The interim final rule substantially alters the brokering rules in certain situations, as follows:
- Limits the foreign persons covered under the definition of broker. The interim final rule specifies that foreign persons will be considered brokers when they are located in the United States or owned or controlled by a U.S. person. Foreign entities that do not meet either of these criteria will not be required to register as brokers under the interim final rule.
- Clarifies eligibility requirements related to the receipt of licenses or other approvals from DDTC. The interim final rule clarifies that the manufacturer or source of a defense article or defense service must also meet the eligibility requirements set forth under Part 120 of the International Traffic in Arms Regulations (“ITAR”). In its comments regarding this rule, DDTC noted that it currently expects applicants to screen all parties to their transactions, including the source or manufacturer of a product. Additionally, the final rule specifies that foreign parties must meet the eligibility requirements set forth under Part 120 of the ITAR (which has been amended to clarify how it applies to foreign persons).
- Specifies activities excluded from the definition of brokering activities. The interim final rule articulates a number of activities that are excluded from the definition of “brokering activities.” Among the activities which will be exempt from the definition under the interim final rule are: activities by regular employees acting on behalf of their employer, activities which are only administrative in nature, activities performed by an affiliate on behalf of another affiliate and activities where the person only acts as the end-user or reexporter of a defense article or defense service licensed for export by DDTC.

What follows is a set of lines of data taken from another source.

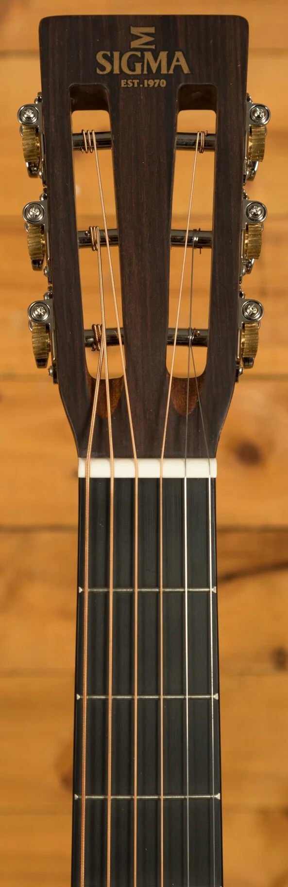 Crafted with precision and attention to detail, the Sigma 000T-28S features a dovetail neck joint for enhanced stability and resonance. The neck, constructed from high-quality mahogany, offers a low-profile design that promotes effortless playability across the entire fretboard. Equipped with bone nut and saddle, as well as Micarta fingerboard and bridge, this guitar ensures optimal tone transfer and sustain, allowing your music to resonate with clarity and depth.
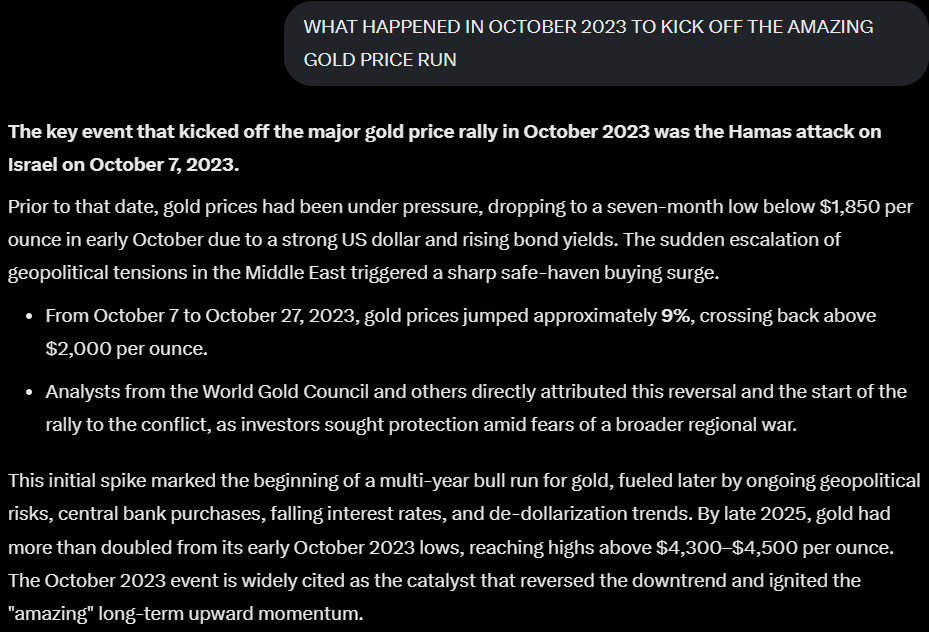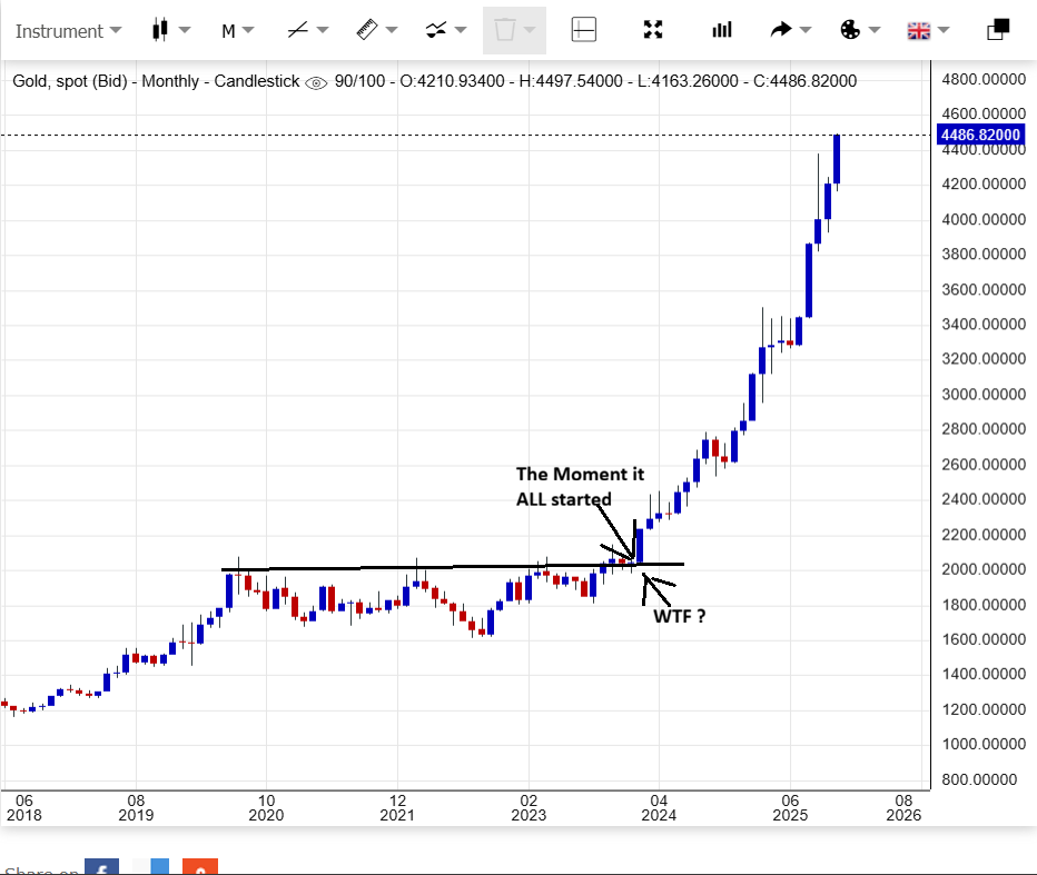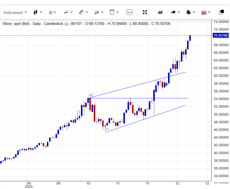 As expected, Gold has broken out to new ATH’s and has now reached $4,500.(close enough as of this writing) Only six US trading sessions left,(counting today’s) to reach my “symmetrical suggestion” target of $5,000 on New Years Eve. What could cause Gold to rise so sharply, in such a short period of time? Well, as I suggested in a recent post, if Silver goes bonkers(even more so than it already has, and the COMEX goes to SELL only mode, as with the Hunt brothers, Gold becomes the only game in town, and that would provide the fuel for it to rocket to $5000 (and beyond) in very short order. While ambitious for sure, not as much so, as when I first made the call. If reached, it would cap a fantastic precious metals year and present the likelihood of another outstanding, precious metals year in 2026. PS: If that happens, Silver will likely experience a sharp decline for it’s phony, paper Comex spot price, while you will find it hard to buy physical metal at those posted levels.
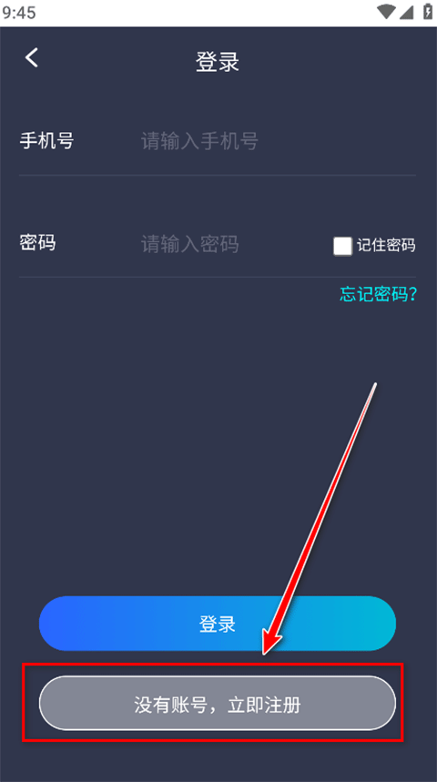 2、进入登录界面后,新用户就点击底部的“没有账号,立即注册”;
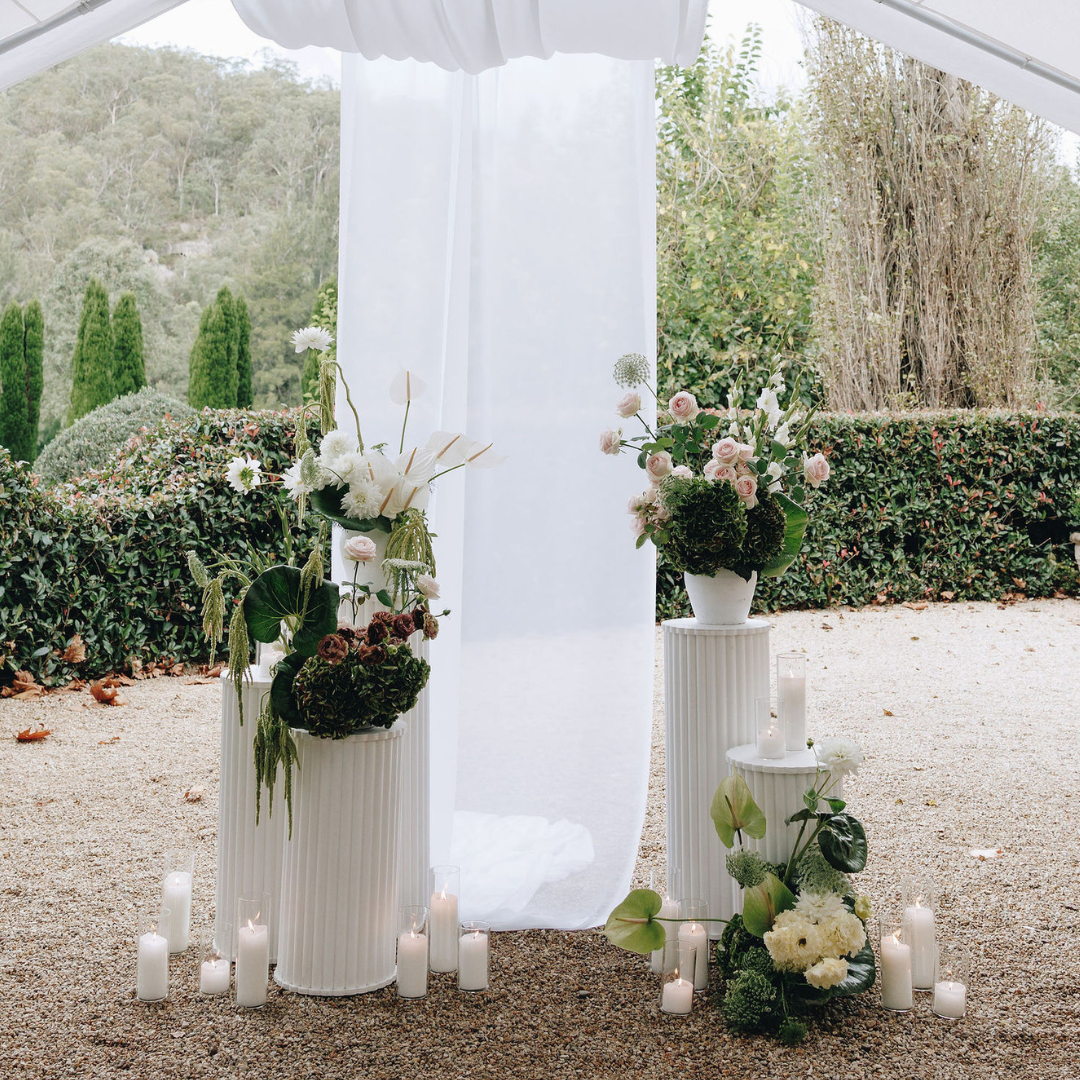 Scalloped Plinths: These soft white plinths added sculptural height and made the ceremony florals feel elevated and intentional.
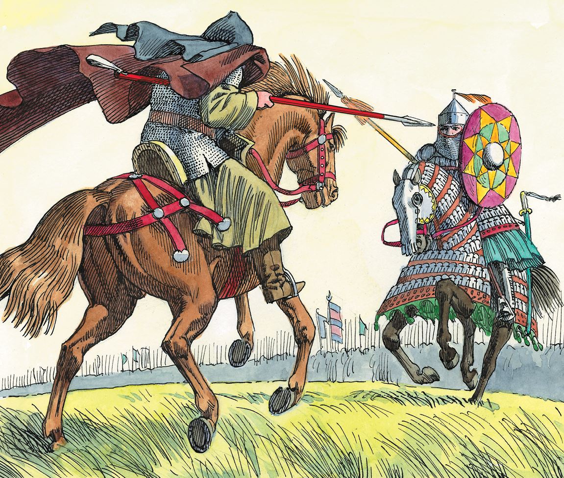 Челубей красавец, и конь у него красавец. Сам богатырь, и конь под ним богатырский. И пика всем пикам пика.
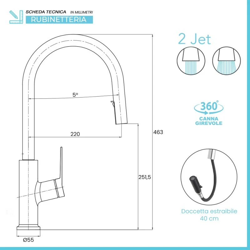 • Canna alta e orientabile; doccetta estraibile con 2 getti;
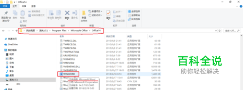 打开Microsoft Office的安装目录,如图,找到图中所示的Microsoft Word。

- Removes notice requirements and specifies those activities for which prior approval is required. The interim final rule removes the requirement for prior notification for certain types of activities and sets forth a discrete list of defense articles and defense services for which approval from DDTC must be obtained prior to engaging in brokering activities.
- Allows for the consolidation of manufacturer/exporter and broker registrations. The final rule allows for registrants to apply for a consolidated registration that would cover their role as all of a manufacturer, exporter and broker. This consolidated registration may also include subsidiaries and affiliates which are owned or controlled by the registrant. For those companies who currently have both manufacturer/exporter registrations and broker registrations, those registrations will be consolidated at the time of registration renewal.
Although the interim final rule sets clearer boundaries with respect to certain kinds of activities, the rule continues to cover a broad range of activities under the definition of brokering. Therefore, it will remain important for companies to carefully examine any activities in which it or its subsidiaries or affiliates are involved related to the manufacture, export, import, transfer, reexport or retransfer of U.S. or foreign-origin defense articles.
In addition, companies should be mindful that the brokering provisions apply not only to activities related to exports of U.S.- and foreign-origin defense articles on the United States Munitions List (“USML”) but also to activities related to permanent imports of items on the United States Munitions Import List (“USMIL”). While both the USML and USMIL were created under the Arms Export Control Act, the two lists are administered by separate agencies and the changes to the USML as a result of export control reform have not been made to the USMIL at this time. Therefore, it is possible that engaging in brokering activities related to the permanent import of certain products which have transitioned to the EAR as part of export control reform will remain subject to the brokering provisions under the new rule.
Although the rule takes effect on October 25, DDTC is accepting comments related to the rule and will publish a final rule incorporating any changes arising from such comments. Interested parties should submit comments by October 10, 2013.